**Assignment**
Each line below should be repeated exactly as written, with no pictures carried over.

**Source data**
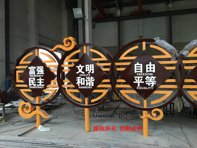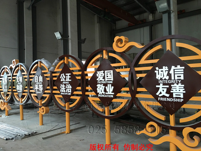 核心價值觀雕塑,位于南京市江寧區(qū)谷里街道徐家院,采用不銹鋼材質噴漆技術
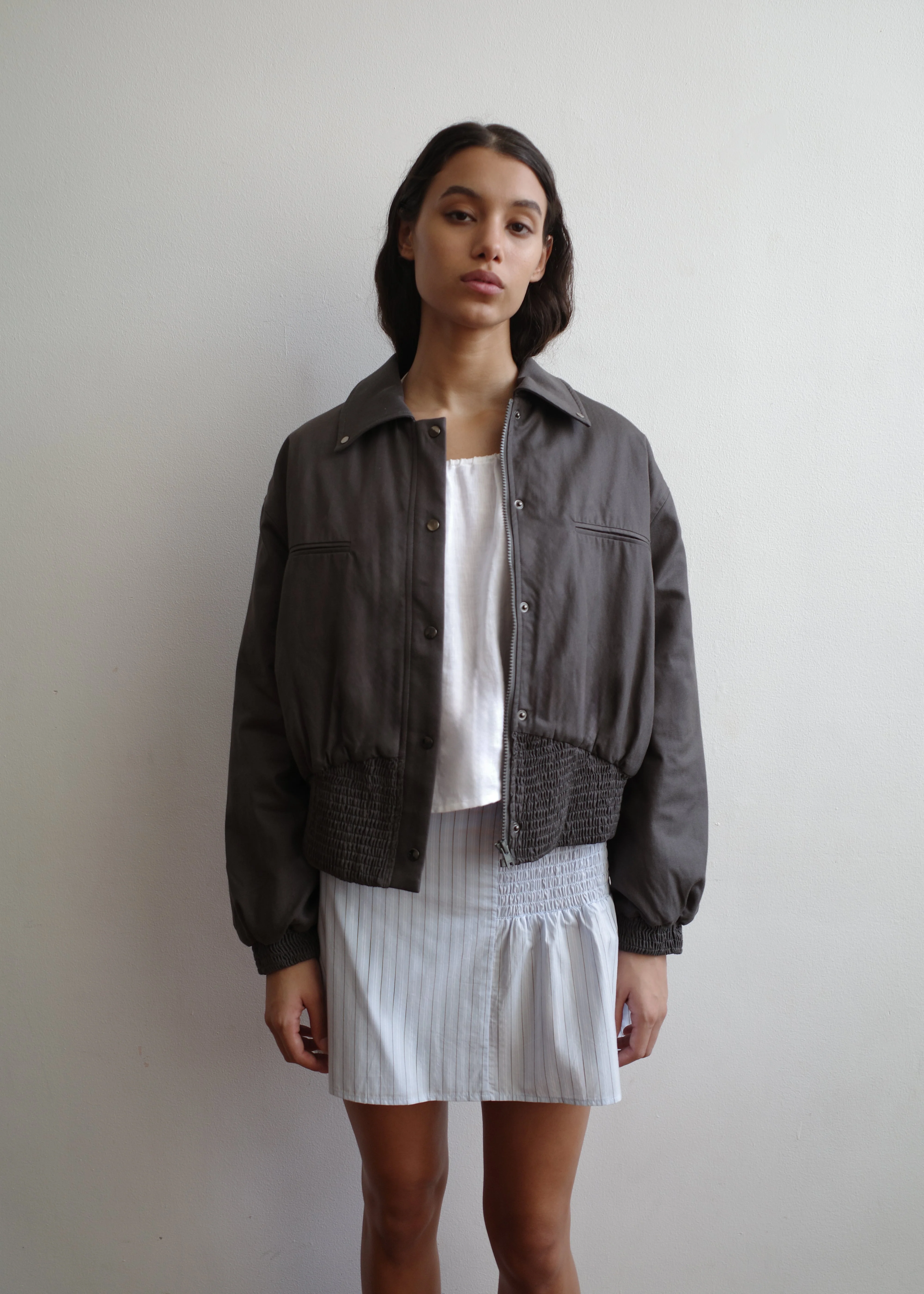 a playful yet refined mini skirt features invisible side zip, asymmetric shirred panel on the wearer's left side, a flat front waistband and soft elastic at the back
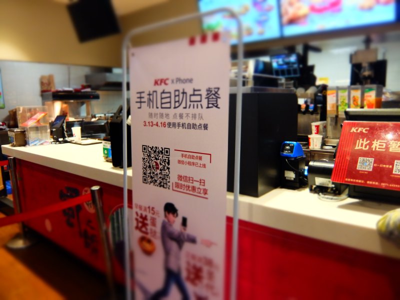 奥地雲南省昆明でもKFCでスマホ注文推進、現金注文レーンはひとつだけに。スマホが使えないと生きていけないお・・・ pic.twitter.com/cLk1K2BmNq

**Exercise solution**
 核心價值觀雕塑,位于南京市江寧區(qū)谷里街道徐家院,采用不銹鋼材質噴漆技術
 a playful yet refined mini skirt features invisible side zip, asymmetric shirred panel on the wearer's left side, a flat front waistband and soft elastic at the back
 奥地雲南省昆明でもKFCでスマホ注文推進、現金注文レーンはひとつだけに。スマホが使えないと生きていけないお・・・ pic.twitter.com/cLk1K2BmNq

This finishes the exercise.